◆ DIRECTIONS
Return exactly the lines from the "在延邊州的很多地方,朝鮮族元" line through the last line of the entries below. Include no pictures.

Extracted records
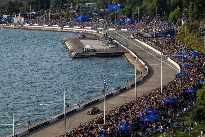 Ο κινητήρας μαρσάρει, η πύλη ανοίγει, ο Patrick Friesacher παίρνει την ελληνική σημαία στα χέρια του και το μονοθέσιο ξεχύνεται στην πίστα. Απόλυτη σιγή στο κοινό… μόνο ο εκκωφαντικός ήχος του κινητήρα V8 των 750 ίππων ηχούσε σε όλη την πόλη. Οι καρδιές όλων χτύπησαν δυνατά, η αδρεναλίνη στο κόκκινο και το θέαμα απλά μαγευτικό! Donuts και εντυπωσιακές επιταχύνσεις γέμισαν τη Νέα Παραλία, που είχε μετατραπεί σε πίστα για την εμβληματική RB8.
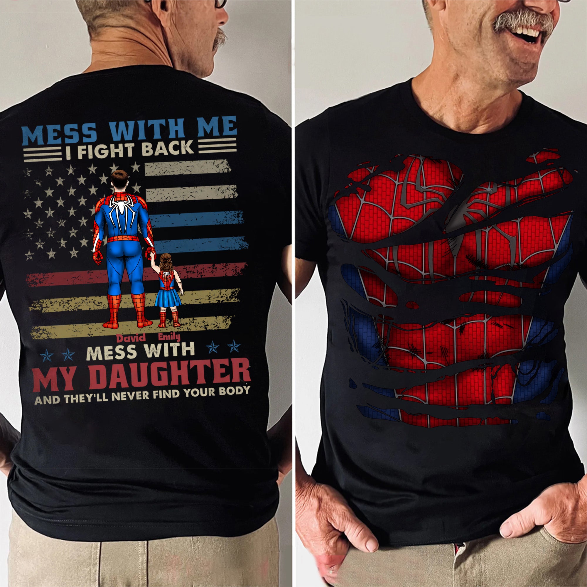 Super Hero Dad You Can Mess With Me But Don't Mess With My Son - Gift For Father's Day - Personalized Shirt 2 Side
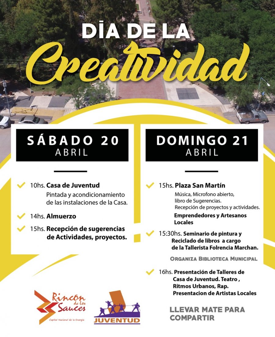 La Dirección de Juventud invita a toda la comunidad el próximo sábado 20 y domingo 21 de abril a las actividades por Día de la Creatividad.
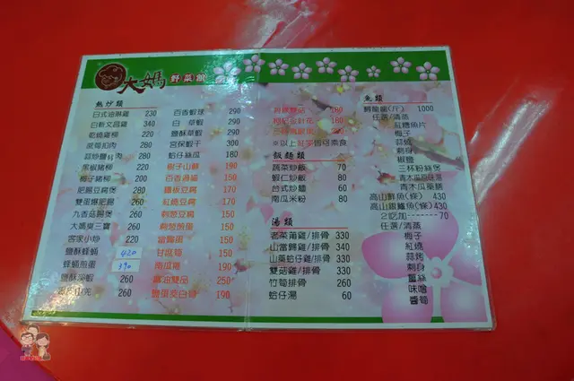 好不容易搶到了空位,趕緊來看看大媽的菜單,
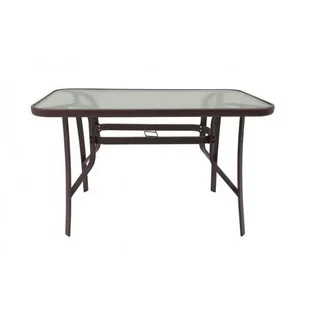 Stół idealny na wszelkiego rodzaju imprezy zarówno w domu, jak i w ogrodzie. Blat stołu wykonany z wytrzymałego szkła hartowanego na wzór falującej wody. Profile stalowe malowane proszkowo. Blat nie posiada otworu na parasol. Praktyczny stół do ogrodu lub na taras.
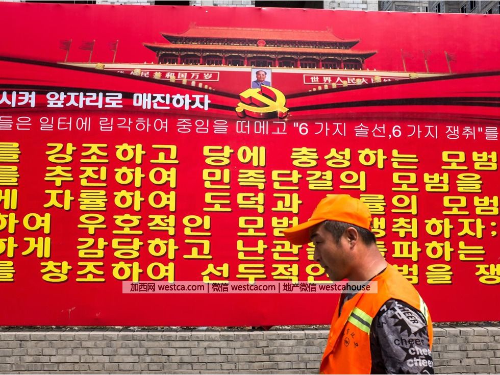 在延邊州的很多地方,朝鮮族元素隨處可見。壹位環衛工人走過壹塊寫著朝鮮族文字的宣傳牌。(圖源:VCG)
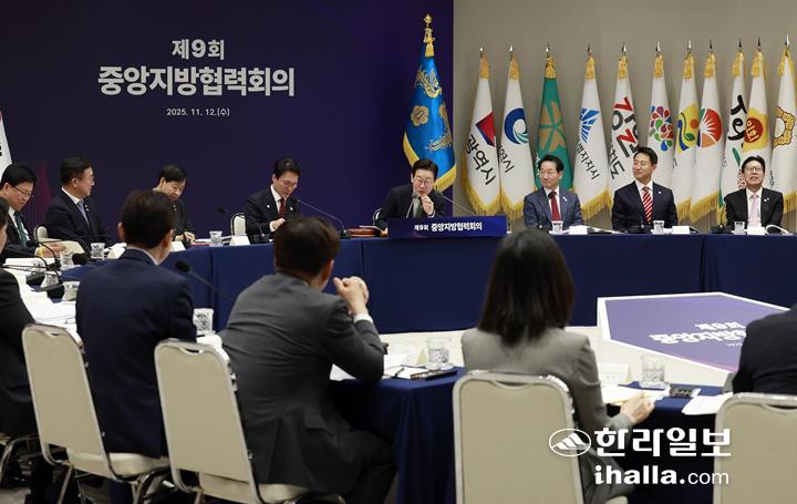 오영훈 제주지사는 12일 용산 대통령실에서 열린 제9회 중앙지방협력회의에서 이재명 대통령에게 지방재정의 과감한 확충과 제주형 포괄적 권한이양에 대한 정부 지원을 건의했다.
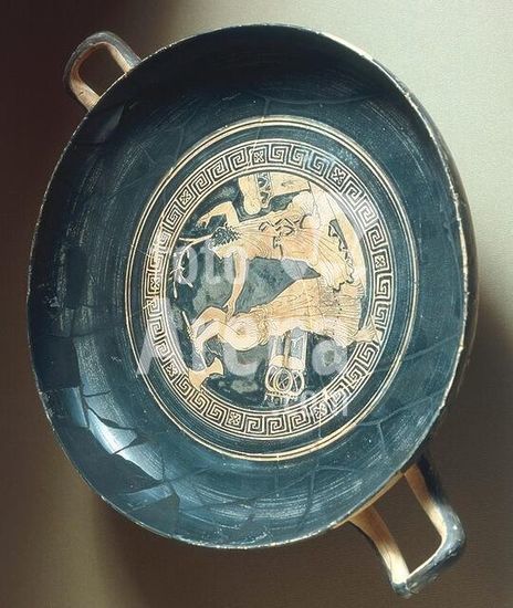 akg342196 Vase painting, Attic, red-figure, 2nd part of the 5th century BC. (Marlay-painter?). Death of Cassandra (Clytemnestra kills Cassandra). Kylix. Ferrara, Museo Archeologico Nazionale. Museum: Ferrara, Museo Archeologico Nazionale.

◆ SOLUTION BELOW
 在延邊州的很多地方,朝鮮族元素隨處可見。壹位環衛工人走過壹塊寫著朝鮮族文字的宣傳牌。(圖源:VCG)
 오영훈 제주지사는 12일 용산 대통령실에서 열린 제9회 중앙지방협력회의에서 이재명 대통령에게 지방재정의 과감한 확충과 제주형 포괄적 권한이양에 대한 정부 지원을 건의했다.
 akg342196 Vase painting, Attic, red-figure, 2nd part of the 5th century BC. (Marlay-painter?). Death of Cassandra (Clytemnestra kills Cassandra). Kylix. Ferrara, Museo Archeologico Nazionale. Museum: Ferrara, Museo Archeologico Nazionale.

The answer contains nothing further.